EXERCISE BRIEF.
Would you please repeat exactly the entries below, starting at the line with "磚紅色和亮黃色褲子,這樣的亮點才是家澄溫暖又俐落的自在形象。" and ending at the line with "fall off automatically.", and nothing outside that range? Leave out the pictures.

DATASET RECORDS.

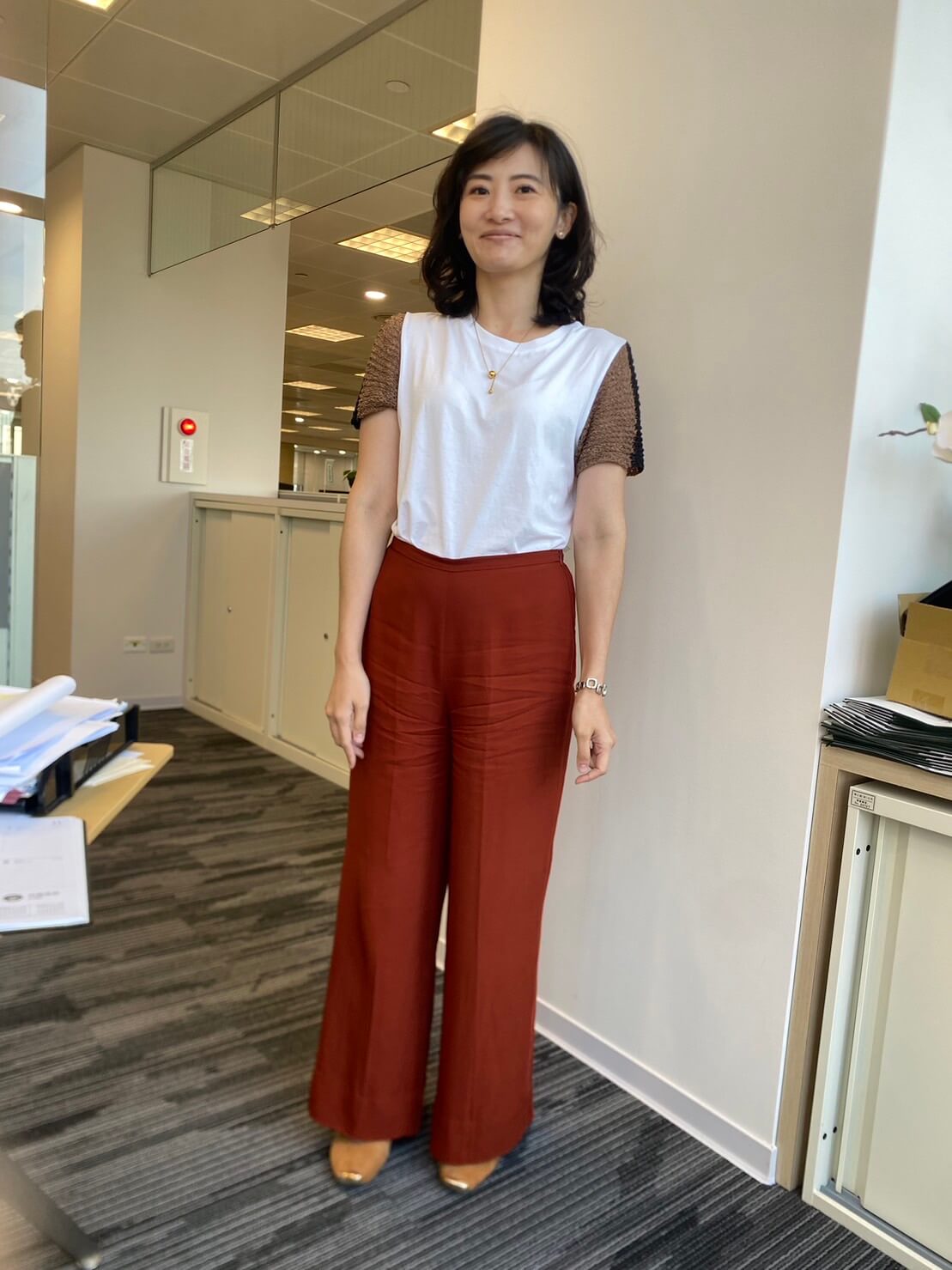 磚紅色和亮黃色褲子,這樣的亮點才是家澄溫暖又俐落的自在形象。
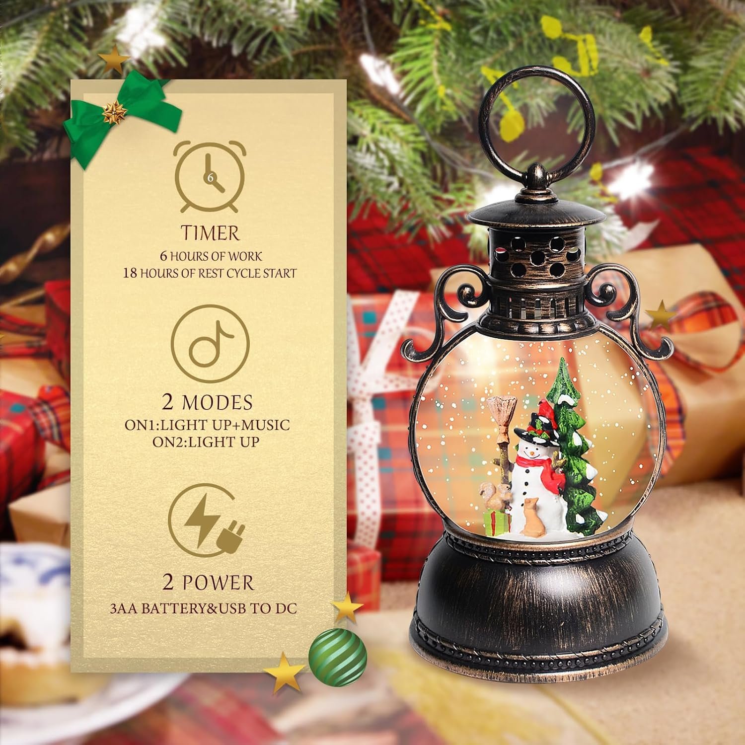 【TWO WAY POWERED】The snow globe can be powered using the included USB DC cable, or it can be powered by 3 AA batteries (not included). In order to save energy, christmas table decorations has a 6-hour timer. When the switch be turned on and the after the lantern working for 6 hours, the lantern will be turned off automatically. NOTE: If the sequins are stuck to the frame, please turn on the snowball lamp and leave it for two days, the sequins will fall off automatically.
--
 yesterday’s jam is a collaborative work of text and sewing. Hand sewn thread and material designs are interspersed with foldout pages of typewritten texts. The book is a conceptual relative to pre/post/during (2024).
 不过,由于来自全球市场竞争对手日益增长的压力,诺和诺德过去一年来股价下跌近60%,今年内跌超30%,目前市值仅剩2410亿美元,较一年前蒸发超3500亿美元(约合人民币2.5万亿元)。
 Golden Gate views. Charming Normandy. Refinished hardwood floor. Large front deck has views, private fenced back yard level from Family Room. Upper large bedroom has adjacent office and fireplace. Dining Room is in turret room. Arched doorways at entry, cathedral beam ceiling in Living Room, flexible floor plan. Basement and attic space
--
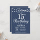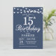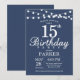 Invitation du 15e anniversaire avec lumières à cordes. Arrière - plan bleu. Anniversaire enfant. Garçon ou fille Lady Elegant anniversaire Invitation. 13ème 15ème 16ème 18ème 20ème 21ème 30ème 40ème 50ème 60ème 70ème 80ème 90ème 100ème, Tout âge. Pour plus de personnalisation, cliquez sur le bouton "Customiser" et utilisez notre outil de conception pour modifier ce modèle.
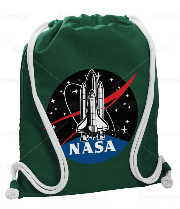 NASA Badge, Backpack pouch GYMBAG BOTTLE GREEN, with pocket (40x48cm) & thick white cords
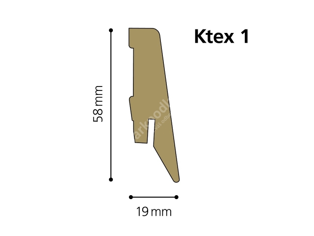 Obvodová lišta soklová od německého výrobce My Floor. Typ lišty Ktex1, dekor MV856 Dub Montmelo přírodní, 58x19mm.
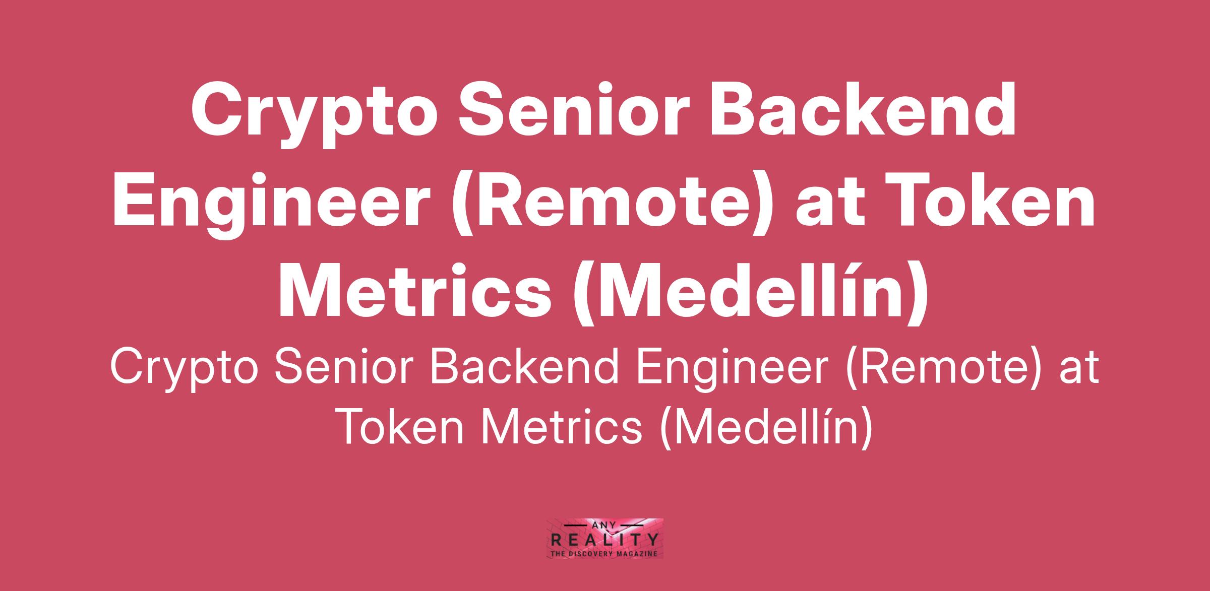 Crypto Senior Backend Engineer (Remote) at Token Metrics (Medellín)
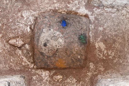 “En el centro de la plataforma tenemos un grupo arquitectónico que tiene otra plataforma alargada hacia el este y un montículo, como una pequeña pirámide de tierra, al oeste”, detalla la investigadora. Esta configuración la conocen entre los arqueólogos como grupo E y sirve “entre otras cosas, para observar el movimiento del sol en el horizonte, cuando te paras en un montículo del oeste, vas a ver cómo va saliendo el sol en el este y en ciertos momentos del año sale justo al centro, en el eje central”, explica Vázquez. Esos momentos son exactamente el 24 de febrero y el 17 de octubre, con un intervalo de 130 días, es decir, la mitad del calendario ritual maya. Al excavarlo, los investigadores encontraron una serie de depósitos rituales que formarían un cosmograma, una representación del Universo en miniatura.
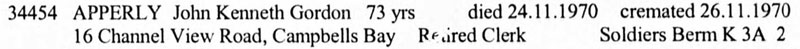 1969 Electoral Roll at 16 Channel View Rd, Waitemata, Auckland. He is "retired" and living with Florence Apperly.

RESPONSE TO THIS TASK.
 磚紅色和亮黃色褲子,這樣的亮點才是家澄溫暖又俐落的自在形象。
 【TWO WAY POWERED】The snow globe can be powered using the included USB DC cable, or it can be powered by 3 AA batteries (not included). In order to save energy, christmas table decorations has a 6-hour timer. When the switch be turned on and the after the lantern working for 6 hours, the lantern will be turned off automatically. NOTE: If the sequins are stuck to the frame, please turn on the snowball lamp and leave it for two days, the sequins will fall off automatically.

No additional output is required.